--- Input material Enclosed Below ---
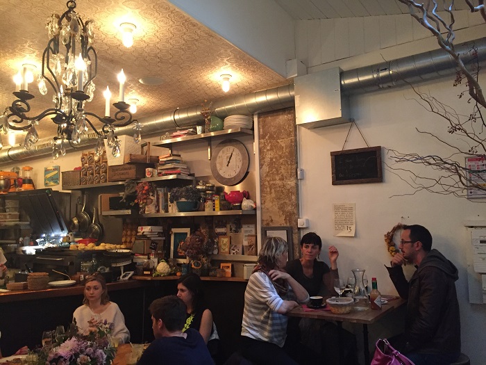 Au fond d’une jolie cour de la Rue des Saints Pères se cache un petit cottage anglais très cosy. Des tables en bois, des fleurs, des citrouilles et de magnifiques accents américains (ou anglais) qui fleurissent partout dans le salon.
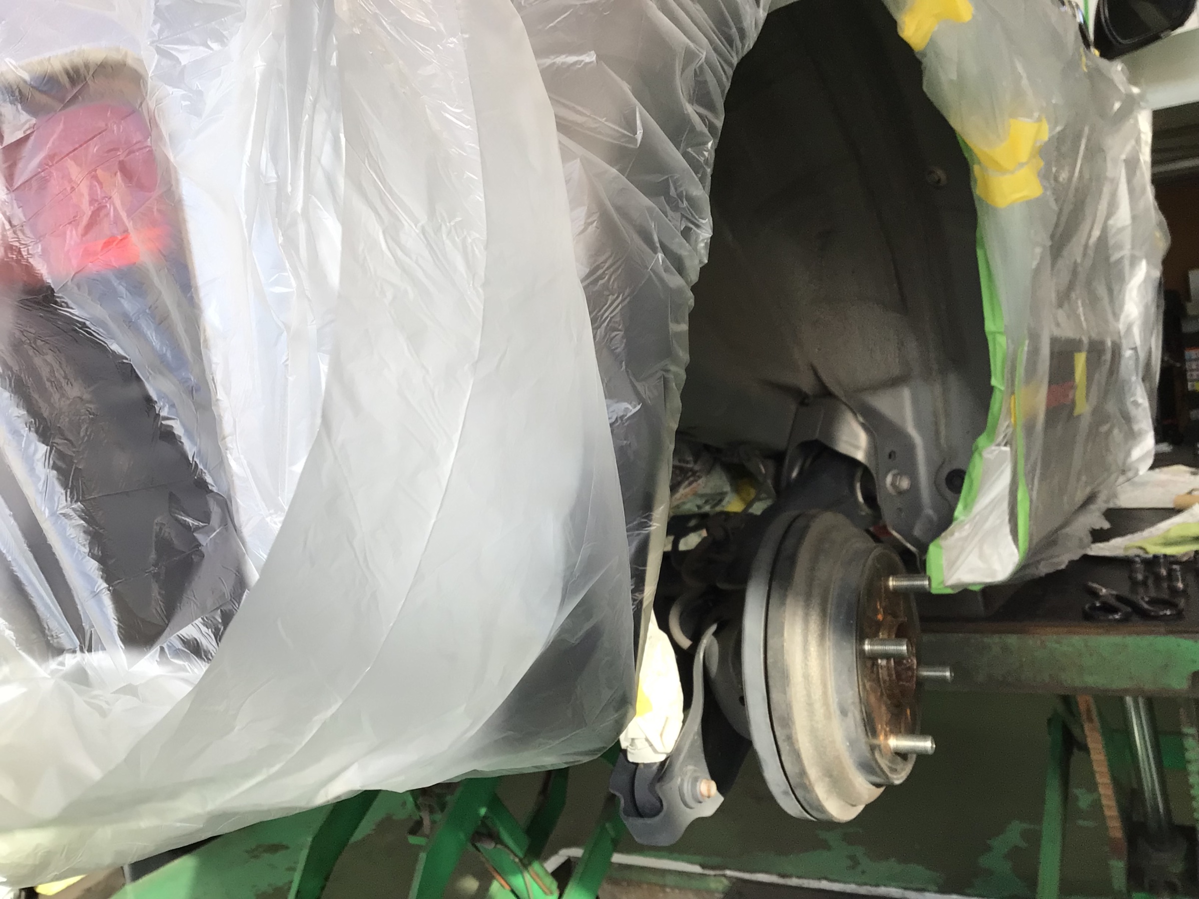 お車のボディなどは念入りに養生します。
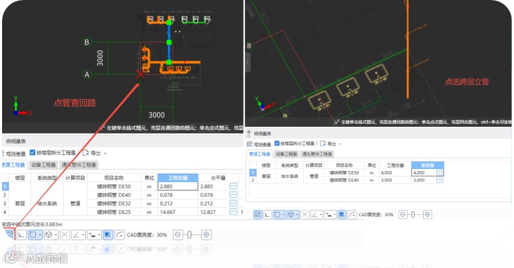 图纸中系统多、管径多,手动列项麻烦;算完管道后需要查看同规格同材质工程量或者整根变径竖向管工程量。
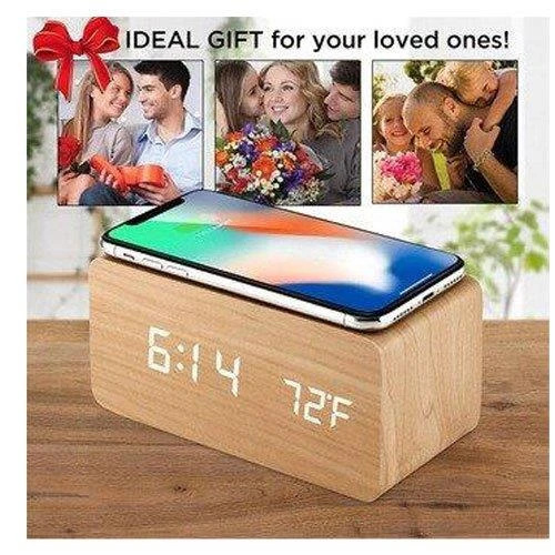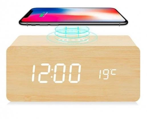 שעון קוביית עץ -טעינה אלחוטית NY-3791
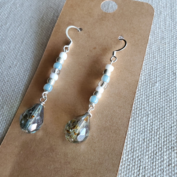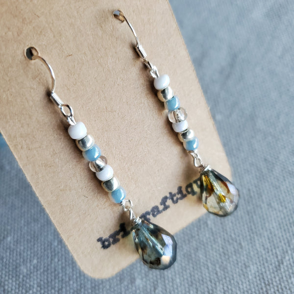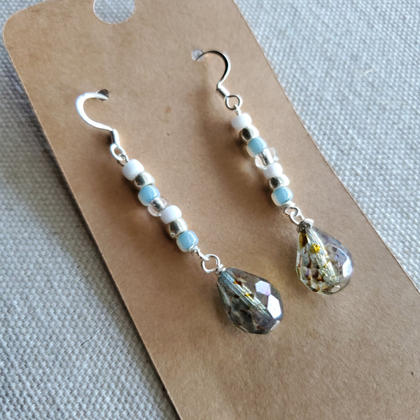 Show off these glimmering dangles, featuring seed beads in blue, white and silver with a faceted teardrop Czech glass crystal. Perfectly pairs with a maxi dress or jeans and a cute top!
--- End of Enclosed Input material ---
• Task directions:
All entries should be reproduced exactly; no picture belongs in the result.

• Written response:
 Au fond d’une jolie cour de la Rue des Saints Pères se cache un petit cottage anglais très cosy. Des tables en bois, des fleurs, des citrouilles et de magnifiques accents américains (ou anglais) qui fleurissent partout dans le salon.
 お車のボディなどは念入りに養生します。
 图纸中系统多、管径多,手动列项麻烦;算完管道后需要查看同规格同材质工程量或者整根变径竖向管工程量。
 שעון קוביית עץ -טעינה אלחוטית NY-3791
 Show off these glimmering dangles, featuring seed beads in blue, white and silver with a faceted teardrop Czech glass crystal. Perfectly pairs with a maxi dress or jeans and a cute top!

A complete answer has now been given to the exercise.